Мими смотрит во все глаза. Она никогда не видела голые бедра Дугласа. Думала все эти месяцы, увидит ли. Его страсть читается так же открыто, как удивление, когда они делят между собой холодный шоколадный шейк. Но он лишь раз положил ей руку на затылок и на большее не решался. Почему – непонятно. Мими решила, что во всем виновата какая-то военная рана. Теперь она смотрит, как его раздевают на глазах у ошарашенной толпы. Нога открыта воздуху, костлявая и белая, почти безволосая – морщинистые бедра мужчины куда старше Мими. Потом – другая нога, и вот джинсы повисают на поясе рваным стягом. В ход идет перцовый баллончик – смесь капсаицина с газом «Сирень».

Люди кричат:

– Он же прикован к месту. Он не может сдвинуться!

– Чего вы от него хотите?

Полицейский подносит баллончик Дугласу между ног и нажимает на кнопку. Член и яйца охватывает жидкое пламя – коктейль, равный нескольким миллионам сковиллей. Дуглас висит, болтается на наручниках, дышит мелкими глотками:

– Ч, ч, черт…

– Вашу ж мать. Он не может сдвинуться. Отстаньте от него!

Мими разворачивается посмотреть, кто кричит. Лесоруб, низкий и бородатый, как разгневанный гном из книжки братьев Гримм.

– Сними наручники, – приказывает полицейский. Слова закупоривают рот Дугласа. Не выходит ничего, кроме такого низкого стона, как в первые полсекунды воздушной тревоги. Полицейские брызжут снова. Мирно сидевшие протестующие начинают бунтовать. Мими в ярости вскакивает. Кричит то, что через час даже не вспомнит. Вокруг нее встают остальные. Собираются у дерева пленника. Полиция расталкивает их обратно. Дугласу снова поливают промежность. Он стонет еще выше.

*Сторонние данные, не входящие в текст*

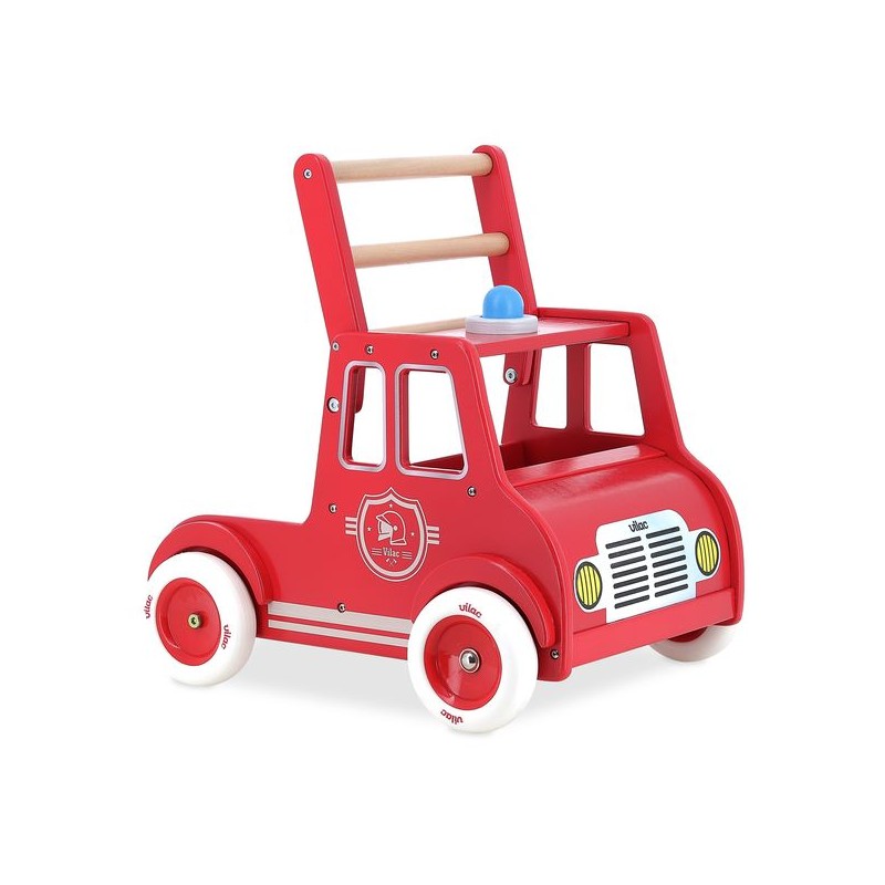 Met zijn vintage brandweerauto-look is deze houten loopwagen ideaal voor de eerste wandelingen van peuters. Met zijn stille wielen en in het laboratorium geteste stabiliteit kunnen kinderen zich veilig voortbewegen terwijl ze op avontuur gaan! Dankzij een remsysteem op de achterwielen kunnen ze in meer of mindere mate worden geblokkeerd, zodat kleintjes de snelheid van hun stappen niet meer zelf kunnen bepalen. Tut tut! Je hoeft alleen maar op de kleine claxon in de vorm van een knipperlicht te drukken om je kleintjes te laten weten dat je er bent!

– Сними наручники – и можешь спуститься. Все просто.

Он пытается что-то выговорить. Внизу кто-то кричит.

– Да дайте ему сказать, вы, животные!

Полицейский придвигается и разбирает шепот:

– Я уронил ключ.

Дугласа срезают и спускают с дерева, как Иисуса с креста. Мими к нему не подпускают.

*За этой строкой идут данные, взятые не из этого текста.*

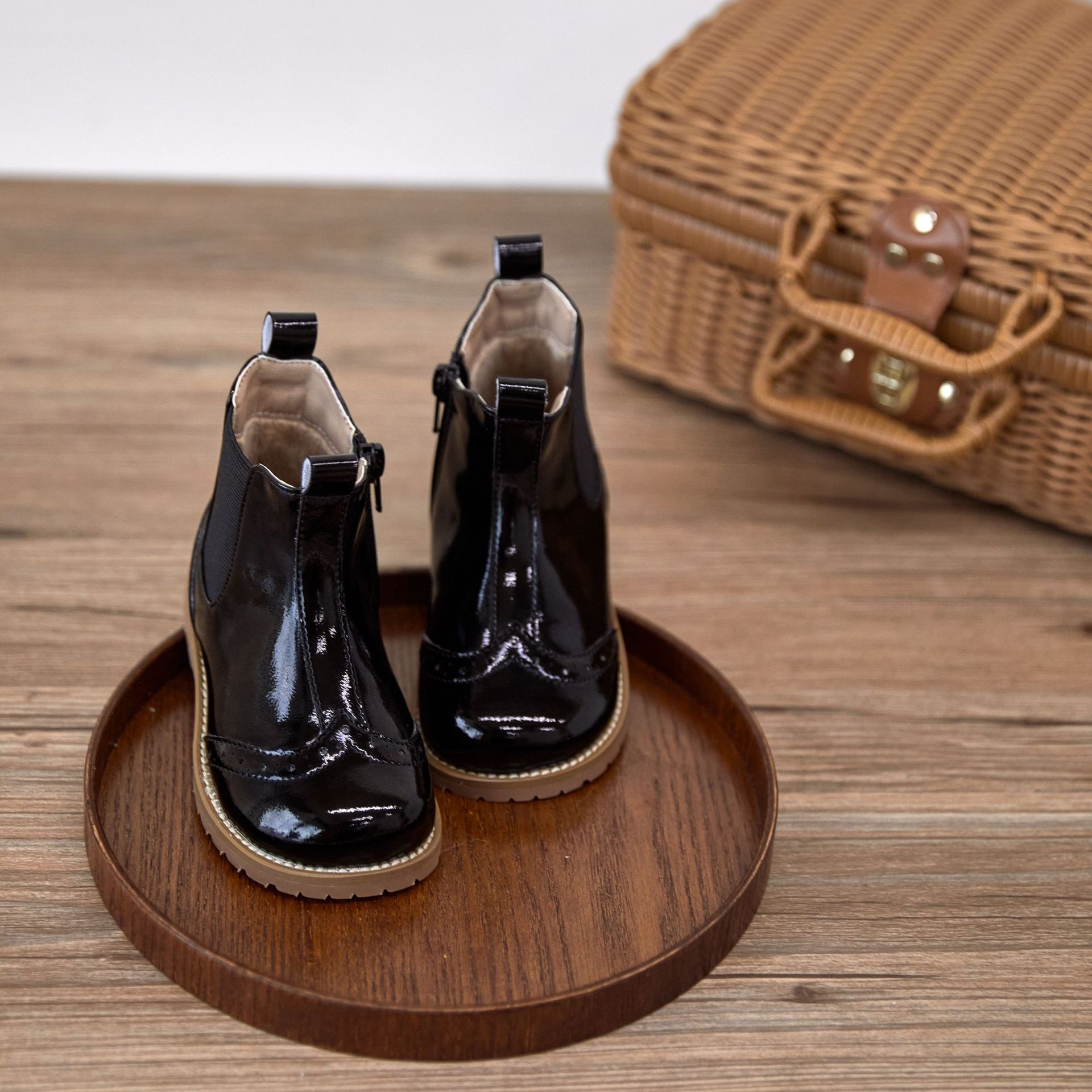 2024秋冬新作br 2480衝突色英倫子供靴透かし彫り彫刻レトロ側マジックテープ革靴

ПОСЛЕ ТОГО КАК ИХ ВСЕХ ПРИНЯЛИ в отделении, она везет его домой. Пытается отмыть – всеми успокаивающими средствами, какие может найти. Но его мясо – дрожащий лосось, он стесняется его показывать.

– Со мной все будет хорошо. – Он лежит в постели, читает слова с потолка. – Со мной все будет хорошо.

Она проверяет каждое утро. Оранжевый цвет кожи не сходит еще неделю.


ПРИБЫЛЬ ОТ «ГОСПОДСТВА 2» больше ежегодных доходов целых штатов. «Господство 3» появляется, как раз когда устаревает его предок. В новый мир вливаются люди с шести континентов – первопроходцы, паломники, фермеры, шахтеры, воины, жрецы. Они образуют гильдии и консорциумы. Они строят такие здания и создают такие товары, каких не ожидали даже программисты.

«Господство 4» – в 3D. Это монументальное начинание, компания чуть не надрывается, привлекая в два раза больше программистов и художников, чем для его родителя. Предлагается разрешение в четыре раза выше, игровая область в десять раз больше, еще с десяток квестов. Тридцать шесть новых технологий. Шесть новых ресурсов. Три новых культуры. Больше чудес света и шедевров, чем человек может исследовать за годы игры. Скорости процессоров постоянно удваиваются, но лучшие игровые компьютеры еще месяцами кряхтят от игры на пределе.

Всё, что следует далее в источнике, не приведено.